_ASSIGNED TASK_. With both ends included, transcribe exactly the records below from their first line to the line that contains "Magelang Adventure mengundang".

_Stored data entries_.
┄┄┄┄┄┄┄┄┄┄┄┄┄┄┄┄┄┄┄┄
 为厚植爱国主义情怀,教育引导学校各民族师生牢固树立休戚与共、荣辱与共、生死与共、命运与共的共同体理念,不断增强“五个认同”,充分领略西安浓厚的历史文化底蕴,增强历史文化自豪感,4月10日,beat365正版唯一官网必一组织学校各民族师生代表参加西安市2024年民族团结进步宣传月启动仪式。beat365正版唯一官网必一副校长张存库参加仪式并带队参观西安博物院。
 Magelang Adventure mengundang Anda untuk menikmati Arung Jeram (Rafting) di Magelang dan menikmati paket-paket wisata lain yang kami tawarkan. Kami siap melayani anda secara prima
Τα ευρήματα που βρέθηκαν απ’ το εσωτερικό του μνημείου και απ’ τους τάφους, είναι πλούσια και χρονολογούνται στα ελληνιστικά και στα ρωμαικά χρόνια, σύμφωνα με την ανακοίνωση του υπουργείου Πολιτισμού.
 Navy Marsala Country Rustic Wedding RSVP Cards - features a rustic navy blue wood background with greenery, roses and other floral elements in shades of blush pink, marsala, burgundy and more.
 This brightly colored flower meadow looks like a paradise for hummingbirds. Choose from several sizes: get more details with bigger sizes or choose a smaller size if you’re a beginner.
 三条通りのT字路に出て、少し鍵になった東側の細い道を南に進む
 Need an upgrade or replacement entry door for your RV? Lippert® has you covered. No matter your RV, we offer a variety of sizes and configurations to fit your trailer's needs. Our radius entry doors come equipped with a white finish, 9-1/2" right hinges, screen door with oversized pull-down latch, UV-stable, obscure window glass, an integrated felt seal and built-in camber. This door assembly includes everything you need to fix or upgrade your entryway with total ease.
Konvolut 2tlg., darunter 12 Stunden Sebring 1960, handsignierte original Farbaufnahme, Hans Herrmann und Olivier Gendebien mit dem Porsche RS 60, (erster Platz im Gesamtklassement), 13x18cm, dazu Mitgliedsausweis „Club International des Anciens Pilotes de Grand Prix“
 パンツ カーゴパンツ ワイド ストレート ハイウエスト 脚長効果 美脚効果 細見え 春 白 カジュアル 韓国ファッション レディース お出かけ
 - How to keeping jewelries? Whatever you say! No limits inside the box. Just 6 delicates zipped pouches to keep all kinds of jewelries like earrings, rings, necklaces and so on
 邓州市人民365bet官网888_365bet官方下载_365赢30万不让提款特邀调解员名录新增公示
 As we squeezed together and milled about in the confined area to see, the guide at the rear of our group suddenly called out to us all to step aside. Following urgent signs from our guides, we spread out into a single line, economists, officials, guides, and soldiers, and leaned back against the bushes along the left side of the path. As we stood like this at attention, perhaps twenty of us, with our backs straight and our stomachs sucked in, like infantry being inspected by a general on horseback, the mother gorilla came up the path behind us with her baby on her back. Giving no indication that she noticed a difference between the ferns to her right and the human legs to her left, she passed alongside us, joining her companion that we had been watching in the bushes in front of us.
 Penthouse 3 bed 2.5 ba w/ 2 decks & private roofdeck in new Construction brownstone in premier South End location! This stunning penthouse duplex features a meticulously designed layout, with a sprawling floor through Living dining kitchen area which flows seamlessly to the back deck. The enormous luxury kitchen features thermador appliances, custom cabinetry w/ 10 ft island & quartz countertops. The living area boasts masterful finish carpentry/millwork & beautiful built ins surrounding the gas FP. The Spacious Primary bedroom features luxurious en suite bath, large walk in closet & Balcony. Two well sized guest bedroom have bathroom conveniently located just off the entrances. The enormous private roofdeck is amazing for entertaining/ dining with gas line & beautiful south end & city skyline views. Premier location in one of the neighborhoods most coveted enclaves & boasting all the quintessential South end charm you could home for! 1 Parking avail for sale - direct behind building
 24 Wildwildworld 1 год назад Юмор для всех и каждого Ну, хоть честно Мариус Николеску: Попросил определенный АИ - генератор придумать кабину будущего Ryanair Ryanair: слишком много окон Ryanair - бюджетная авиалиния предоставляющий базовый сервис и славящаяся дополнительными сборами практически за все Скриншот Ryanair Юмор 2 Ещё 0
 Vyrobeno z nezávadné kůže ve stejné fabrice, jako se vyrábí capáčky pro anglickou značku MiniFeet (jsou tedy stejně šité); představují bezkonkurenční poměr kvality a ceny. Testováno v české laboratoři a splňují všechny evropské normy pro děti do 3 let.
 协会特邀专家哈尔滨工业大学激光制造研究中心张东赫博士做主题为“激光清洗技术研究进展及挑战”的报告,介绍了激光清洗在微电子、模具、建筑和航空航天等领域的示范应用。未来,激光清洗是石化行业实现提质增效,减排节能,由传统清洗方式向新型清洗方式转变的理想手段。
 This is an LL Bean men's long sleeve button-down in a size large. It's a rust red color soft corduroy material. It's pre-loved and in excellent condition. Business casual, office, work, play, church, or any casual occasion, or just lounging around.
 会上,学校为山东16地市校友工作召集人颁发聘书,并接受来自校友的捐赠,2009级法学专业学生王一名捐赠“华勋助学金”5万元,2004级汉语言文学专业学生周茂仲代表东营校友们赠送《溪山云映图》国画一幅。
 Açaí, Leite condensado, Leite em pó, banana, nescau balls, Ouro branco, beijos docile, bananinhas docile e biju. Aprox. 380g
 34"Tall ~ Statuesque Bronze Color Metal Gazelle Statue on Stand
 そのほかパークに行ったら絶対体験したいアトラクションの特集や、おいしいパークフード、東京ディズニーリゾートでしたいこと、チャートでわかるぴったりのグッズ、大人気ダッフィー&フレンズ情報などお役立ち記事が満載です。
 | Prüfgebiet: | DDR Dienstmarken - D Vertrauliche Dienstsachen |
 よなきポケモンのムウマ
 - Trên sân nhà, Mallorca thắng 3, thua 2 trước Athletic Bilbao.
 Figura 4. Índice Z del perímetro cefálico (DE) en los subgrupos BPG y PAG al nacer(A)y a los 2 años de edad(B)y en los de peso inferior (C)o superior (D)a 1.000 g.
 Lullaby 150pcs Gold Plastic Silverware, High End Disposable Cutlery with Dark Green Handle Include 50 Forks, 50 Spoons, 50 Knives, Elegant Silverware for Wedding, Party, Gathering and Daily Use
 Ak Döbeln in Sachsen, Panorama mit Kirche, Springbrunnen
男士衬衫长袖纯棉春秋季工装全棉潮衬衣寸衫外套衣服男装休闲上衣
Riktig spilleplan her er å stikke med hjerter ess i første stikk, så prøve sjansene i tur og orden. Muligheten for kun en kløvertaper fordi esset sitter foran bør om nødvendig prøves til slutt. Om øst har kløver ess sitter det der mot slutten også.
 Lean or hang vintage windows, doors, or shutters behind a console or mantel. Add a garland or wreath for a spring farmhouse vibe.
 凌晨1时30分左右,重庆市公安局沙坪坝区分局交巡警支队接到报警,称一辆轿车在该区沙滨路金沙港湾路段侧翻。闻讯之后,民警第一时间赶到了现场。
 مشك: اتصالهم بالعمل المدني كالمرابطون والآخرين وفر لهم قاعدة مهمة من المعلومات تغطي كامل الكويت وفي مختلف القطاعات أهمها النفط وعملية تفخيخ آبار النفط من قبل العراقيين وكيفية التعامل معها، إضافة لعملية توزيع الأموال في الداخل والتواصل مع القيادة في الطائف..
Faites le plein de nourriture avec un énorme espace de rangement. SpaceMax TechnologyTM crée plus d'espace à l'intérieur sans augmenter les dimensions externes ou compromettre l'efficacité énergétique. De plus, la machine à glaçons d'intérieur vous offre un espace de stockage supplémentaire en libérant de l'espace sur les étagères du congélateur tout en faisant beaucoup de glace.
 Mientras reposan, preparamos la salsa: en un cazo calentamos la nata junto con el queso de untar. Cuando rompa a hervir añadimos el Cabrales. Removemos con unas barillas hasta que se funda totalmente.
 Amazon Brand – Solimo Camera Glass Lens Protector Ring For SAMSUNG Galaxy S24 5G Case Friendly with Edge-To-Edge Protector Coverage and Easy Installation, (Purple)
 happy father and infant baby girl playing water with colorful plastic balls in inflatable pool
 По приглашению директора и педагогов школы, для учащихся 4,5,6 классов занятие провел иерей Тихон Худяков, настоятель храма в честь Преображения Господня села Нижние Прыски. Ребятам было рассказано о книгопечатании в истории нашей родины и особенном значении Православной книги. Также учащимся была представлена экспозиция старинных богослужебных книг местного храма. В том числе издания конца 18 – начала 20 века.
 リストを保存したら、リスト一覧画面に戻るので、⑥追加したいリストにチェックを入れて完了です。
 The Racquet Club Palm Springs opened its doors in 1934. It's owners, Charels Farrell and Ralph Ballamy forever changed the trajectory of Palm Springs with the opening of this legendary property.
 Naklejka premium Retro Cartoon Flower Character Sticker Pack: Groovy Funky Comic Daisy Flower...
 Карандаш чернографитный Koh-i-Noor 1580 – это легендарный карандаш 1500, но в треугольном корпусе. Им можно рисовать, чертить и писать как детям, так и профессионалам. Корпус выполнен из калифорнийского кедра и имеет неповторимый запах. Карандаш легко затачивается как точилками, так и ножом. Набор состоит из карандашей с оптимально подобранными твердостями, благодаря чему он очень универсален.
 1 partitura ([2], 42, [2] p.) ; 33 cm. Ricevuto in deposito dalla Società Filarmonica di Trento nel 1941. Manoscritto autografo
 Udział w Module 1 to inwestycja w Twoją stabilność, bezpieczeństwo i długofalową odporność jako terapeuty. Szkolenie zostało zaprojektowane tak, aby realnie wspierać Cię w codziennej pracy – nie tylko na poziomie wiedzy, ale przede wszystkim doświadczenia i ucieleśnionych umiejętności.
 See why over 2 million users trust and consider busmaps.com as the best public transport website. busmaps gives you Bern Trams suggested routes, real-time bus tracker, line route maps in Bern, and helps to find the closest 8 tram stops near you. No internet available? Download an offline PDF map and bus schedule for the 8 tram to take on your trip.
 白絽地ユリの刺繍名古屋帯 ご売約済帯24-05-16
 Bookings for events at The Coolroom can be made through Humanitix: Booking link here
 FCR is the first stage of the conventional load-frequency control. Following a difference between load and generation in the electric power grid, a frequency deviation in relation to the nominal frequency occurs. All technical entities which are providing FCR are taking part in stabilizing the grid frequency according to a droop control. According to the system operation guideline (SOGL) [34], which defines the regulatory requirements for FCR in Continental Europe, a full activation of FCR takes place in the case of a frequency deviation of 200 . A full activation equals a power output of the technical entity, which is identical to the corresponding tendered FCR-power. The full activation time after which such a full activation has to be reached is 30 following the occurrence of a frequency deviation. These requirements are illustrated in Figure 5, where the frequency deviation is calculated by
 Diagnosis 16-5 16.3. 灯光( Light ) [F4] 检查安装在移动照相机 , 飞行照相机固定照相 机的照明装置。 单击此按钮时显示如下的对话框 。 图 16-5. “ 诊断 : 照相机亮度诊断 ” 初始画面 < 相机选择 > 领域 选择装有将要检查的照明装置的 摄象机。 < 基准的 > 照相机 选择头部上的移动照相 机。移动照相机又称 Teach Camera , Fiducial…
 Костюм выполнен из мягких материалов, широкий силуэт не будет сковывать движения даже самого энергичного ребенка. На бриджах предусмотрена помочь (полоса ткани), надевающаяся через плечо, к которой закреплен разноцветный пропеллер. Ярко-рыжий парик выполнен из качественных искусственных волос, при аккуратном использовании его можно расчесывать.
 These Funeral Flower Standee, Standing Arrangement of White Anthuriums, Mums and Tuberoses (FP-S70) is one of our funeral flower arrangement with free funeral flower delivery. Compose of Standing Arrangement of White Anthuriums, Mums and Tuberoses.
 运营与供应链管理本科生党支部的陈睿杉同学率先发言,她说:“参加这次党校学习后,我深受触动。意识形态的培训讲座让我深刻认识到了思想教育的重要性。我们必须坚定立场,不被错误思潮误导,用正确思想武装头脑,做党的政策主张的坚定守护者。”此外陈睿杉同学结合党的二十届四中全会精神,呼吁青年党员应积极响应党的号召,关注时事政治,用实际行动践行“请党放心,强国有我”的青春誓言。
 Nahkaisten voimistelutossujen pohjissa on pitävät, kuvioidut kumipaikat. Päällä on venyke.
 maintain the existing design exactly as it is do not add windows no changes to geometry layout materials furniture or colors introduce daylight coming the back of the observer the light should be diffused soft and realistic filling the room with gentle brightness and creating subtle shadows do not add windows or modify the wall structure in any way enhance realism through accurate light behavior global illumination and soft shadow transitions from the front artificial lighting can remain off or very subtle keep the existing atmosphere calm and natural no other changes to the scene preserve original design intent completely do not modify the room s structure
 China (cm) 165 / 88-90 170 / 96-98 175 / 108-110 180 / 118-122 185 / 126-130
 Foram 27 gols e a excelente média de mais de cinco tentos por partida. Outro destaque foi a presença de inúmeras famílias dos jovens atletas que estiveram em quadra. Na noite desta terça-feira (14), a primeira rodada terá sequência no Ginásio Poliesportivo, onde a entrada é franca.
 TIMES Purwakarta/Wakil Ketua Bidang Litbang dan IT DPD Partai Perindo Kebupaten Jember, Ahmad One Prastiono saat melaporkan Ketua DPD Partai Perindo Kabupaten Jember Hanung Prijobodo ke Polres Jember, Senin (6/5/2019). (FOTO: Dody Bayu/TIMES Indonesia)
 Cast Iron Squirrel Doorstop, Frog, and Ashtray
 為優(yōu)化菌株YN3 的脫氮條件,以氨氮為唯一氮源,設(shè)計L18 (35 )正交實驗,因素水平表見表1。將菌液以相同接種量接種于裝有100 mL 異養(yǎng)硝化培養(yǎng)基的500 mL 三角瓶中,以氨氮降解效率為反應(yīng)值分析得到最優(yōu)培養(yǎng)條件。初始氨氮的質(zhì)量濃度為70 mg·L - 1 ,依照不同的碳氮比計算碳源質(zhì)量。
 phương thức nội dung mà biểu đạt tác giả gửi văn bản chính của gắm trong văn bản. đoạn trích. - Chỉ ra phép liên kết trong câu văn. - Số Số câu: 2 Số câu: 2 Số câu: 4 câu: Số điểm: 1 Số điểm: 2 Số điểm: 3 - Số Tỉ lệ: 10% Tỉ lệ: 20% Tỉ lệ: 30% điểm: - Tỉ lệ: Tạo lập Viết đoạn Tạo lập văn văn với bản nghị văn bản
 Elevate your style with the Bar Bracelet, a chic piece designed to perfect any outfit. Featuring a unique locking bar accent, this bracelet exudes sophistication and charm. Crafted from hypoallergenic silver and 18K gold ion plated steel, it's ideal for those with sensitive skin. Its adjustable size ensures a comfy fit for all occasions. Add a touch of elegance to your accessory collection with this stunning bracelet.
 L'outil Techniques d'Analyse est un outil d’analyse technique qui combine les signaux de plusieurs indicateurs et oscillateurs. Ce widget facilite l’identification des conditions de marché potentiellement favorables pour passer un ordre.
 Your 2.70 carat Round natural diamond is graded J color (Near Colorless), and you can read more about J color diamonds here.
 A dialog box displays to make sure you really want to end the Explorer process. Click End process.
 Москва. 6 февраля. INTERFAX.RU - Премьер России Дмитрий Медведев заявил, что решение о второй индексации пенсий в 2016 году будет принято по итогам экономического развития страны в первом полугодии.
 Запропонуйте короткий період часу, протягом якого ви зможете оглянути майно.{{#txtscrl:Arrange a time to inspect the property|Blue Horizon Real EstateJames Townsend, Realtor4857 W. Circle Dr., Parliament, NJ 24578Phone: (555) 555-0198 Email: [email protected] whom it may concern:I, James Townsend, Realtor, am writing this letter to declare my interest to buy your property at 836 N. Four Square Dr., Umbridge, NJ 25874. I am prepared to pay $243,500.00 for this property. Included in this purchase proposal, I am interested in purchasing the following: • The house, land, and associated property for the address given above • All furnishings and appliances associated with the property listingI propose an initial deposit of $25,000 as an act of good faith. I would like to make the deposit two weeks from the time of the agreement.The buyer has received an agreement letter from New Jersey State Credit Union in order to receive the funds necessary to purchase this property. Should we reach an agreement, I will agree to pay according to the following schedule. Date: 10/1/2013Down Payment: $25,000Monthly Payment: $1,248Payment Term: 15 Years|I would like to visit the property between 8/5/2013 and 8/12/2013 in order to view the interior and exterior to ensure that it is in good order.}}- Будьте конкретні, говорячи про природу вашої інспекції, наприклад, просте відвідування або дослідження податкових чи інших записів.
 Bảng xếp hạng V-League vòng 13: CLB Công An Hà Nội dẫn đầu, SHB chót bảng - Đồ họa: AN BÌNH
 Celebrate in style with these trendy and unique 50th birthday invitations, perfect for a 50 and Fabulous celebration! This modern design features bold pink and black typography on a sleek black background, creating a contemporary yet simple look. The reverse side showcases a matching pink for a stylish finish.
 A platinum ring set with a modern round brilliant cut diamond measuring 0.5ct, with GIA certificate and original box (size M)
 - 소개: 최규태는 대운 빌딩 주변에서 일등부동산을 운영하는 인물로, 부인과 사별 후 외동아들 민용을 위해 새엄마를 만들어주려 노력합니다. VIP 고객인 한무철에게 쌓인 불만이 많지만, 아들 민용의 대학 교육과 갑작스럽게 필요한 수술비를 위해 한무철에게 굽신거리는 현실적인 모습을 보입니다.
┄┄┄┄┄┄┄┄┄┄┄┄┄┄┄┄┄┄┄┄
_WORKED SOLUTION_.
 为厚植爱国主义情怀,教育引导学校各民族师生牢固树立休戚与共、荣辱与共、生死与共、命运与共的共同体理念,不断增强“五个认同”,充分领略西安浓厚的历史文化底蕴,增强历史文化自豪感,4月10日,beat365正版唯一官网必一组织学校各民族师生代表参加西安市2024年民族团结进步宣传月启动仪式。beat365正版唯一官网必一副校长张存库参加仪式并带队参观西安博物院。
 Magelang Adventure mengundang Anda untuk menikmati Arung Jeram (Rafting) di Magelang dan menikmati paket-paket wisata lain yang kami tawarkan. Kami siap melayani anda secara prima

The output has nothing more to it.